(Records from a collection)
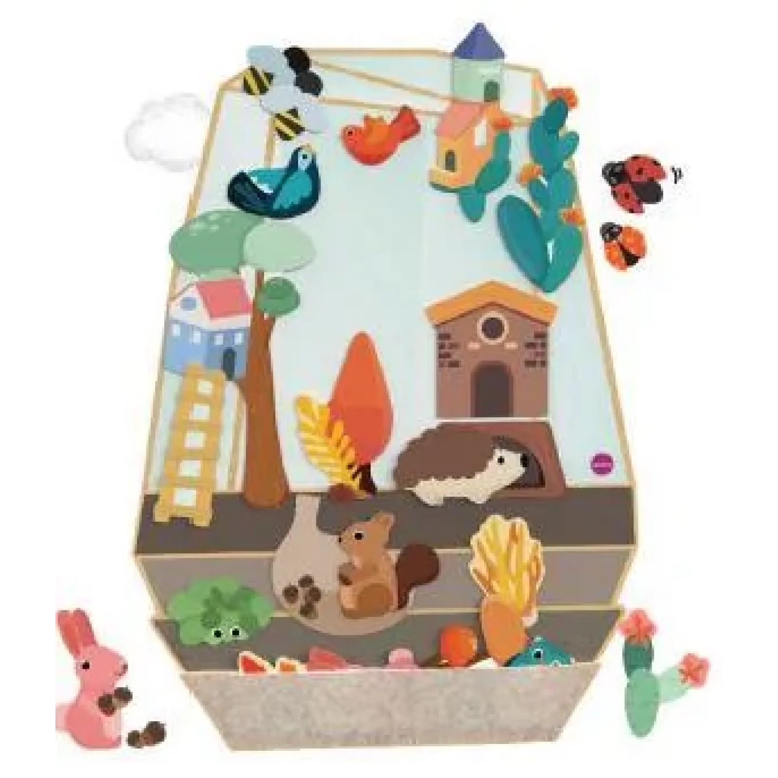 Єжи і білки, птиці і бджоли з кактусами і жолудями, рослинами і деревами. Цей сад в банку - кумедна і інтерактивна гра-постановка з двома наборами фігур, що зображають два сезони; навесні і восени. Він надає величезні можливості для створення різних сцен, які відкриють
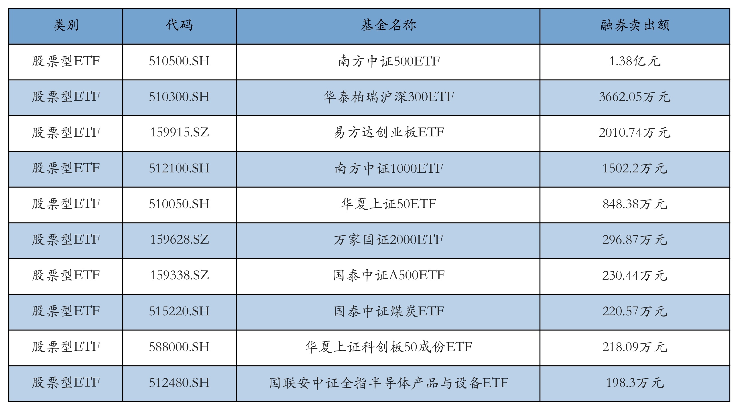 昨日股票型ETF融资卖出额最高的3只ETF偏激卖出金额分裂为:南边中证500ETF(1.38亿元)、华泰柏瑞沪深300ETF(3662.05万元)、易方达创业板ETF(2010.74万元)。融券卖出额前10折服见下表:
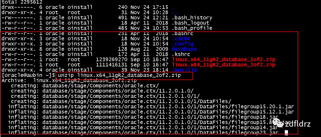 #unzip linux.x64_11gR2_database_2of2.zip
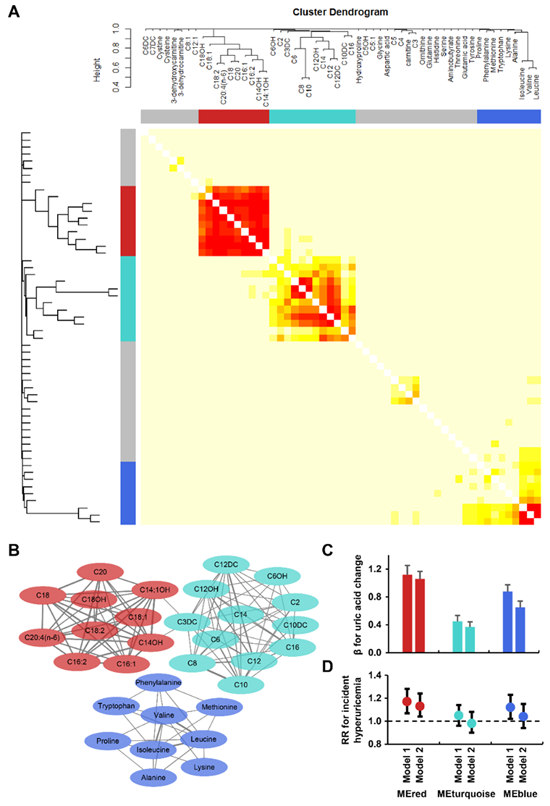 圖2 氨基酸和?;鈮A譜的網(wǎng)絡(luò)分析:(A)網(wǎng)絡(luò)分析熱圖;(B)三個代謝物網(wǎng)絡(luò)模塊示意圖;(C)代謝物模塊與6年前后尿酸改變關(guān)系;(D)代謝物模塊與6年新發(fā)高尿酸血癥關(guān)聯(lián)關(guān)系
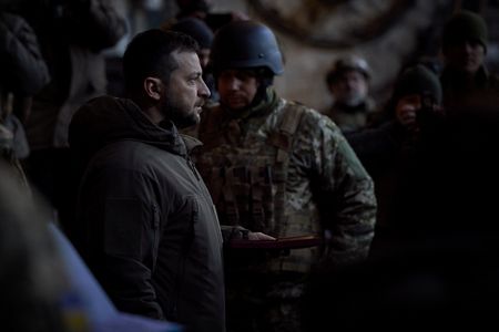 On Tuesday, Zelenskiy had made a surprise visit to the eastern front-line city of Bakhmut, a site of some of the fiercest fighting in the war, his office said, where, dressed in trademark combat khaki, he handed out medals to soldiers.
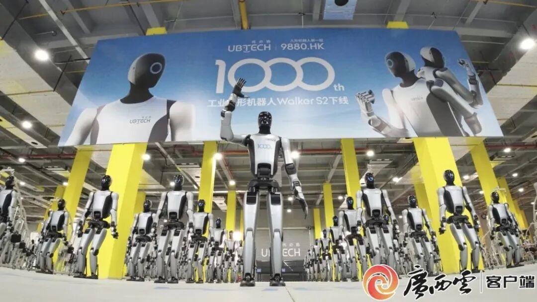 12月26日,优必选第1000台工业人形机器人Walker S2在柳州成功下线。今年6月,柳州优必选下线广西首台工业人形机器人。从第1台到第1000台,仅用了半年时间,不仅见证企业量产能力,更标志着广西在人形机器人创新发展的赛道上又迈出坚实一步。
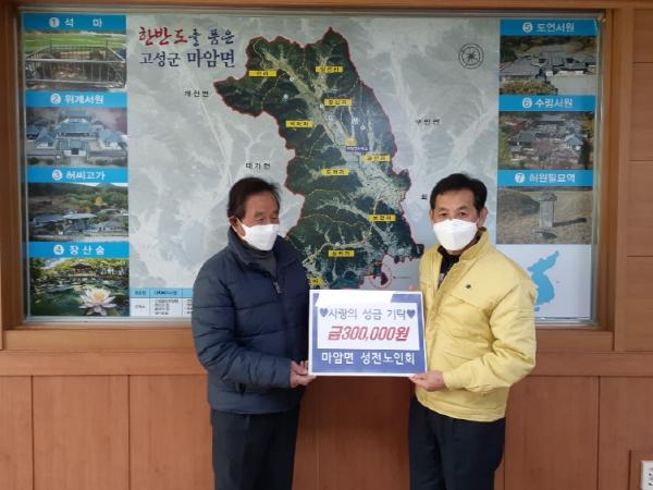 마암면 성전마을 노인회는 1월 13일 마암면사무소를 방문하여 관내 어려운 이웃을 돕는 데 써달라며 성금 30만 원을 기탁했다.
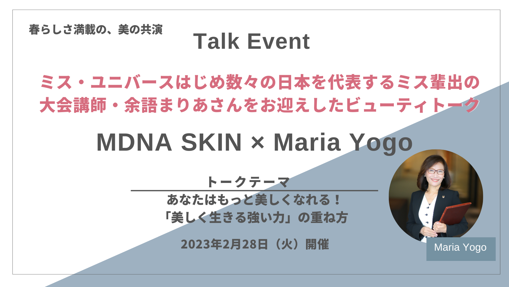 「Beauty Connection Ginza (ビューティーコネクション銀座)」(運営会社:株式会社 MTG )は、来たる2023年2月28日(火)に、MDNA SKINの9周年を記念し、ミス・ユニバースはじめ数々の日本を代表するミス輩出の大会で講師を務められた「余語まりあ」さんを迎え、カジュアルなトークイベントを開催いたします。気になるトークテーマは ”あなたはもっと美しくなれる!「美しく生きる強い力」の重ね方 。”
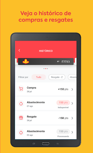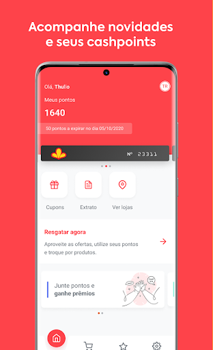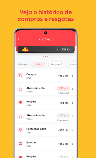 Verifique suas últimas compras, lançamento de pontos e saldo total no APP.
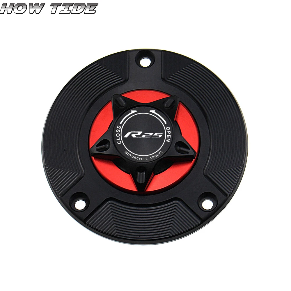 Motorcycle Gas Fuel Tank Cap Cover -Condition: Aftermarket Brand New, High Quality -Material: CNC T6 6061 Billet Aluminum, Anodizing Surface -Color: Black/Blue/Red/Gold/Silver/Green/Orange/Titanium -The latest design of the fuel tank cap, unique style like a disc brakes attached to the surface of the fuel tank. -Oem fit and easy replacement. -No modification is needed -No installation instructions -Quantity: 1 piece Fit for: R25 2014-2018 ( Please Ensure This Part Fits For Your Motorcycle Before order )
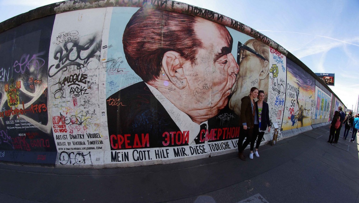 Muro de Berlim e East Side Gallery – Como ir à Berlim e não visitar o muro?! Impossível! Existem alguns loicas onde pode ser trechos remanescentes do muro, mas hoje o muro é mais famoso pela East Side Gallery, que é a maior galeria a céu aberto do mundo! São em torno de 2km do Muro de Berlim, e por mais tristezas que se passou ali, hoje o lugar tem um espaço formado por artes e pinturas de artistas de diversas partes do mundo que expressam os acontecimentos políticos ligados ao muro. E você também pode escrever lá!

EXERCISE AIM:
When you reach the line that has "Verifique suas últimas" in the data above, start repeating lines exactly, and stop after the line that has "Motorcycle Gas Fuel"; pictures stay out.

SOLUTION TO THIS PROBLEM:
 Verifique suas últimas compras, lançamento de pontos e saldo total no APP.
 Motorcycle Gas Fuel Tank Cap Cover -Condition: Aftermarket Brand New, High Quality -Material: CNC T6 6061 Billet Aluminum, Anodizing Surface -Color: Black/Blue/Red/Gold/Silver/Green/Orange/Titanium -The latest design of the fuel tank cap, unique style like a disc brakes attached to the surface of the fuel tank. -Oem fit and easy replacement. -No modification is needed -No installation instructions -Quantity: 1 piece Fit for: R25 2014-2018 ( Please Ensure This Part Fits For Your Motorcycle Before order )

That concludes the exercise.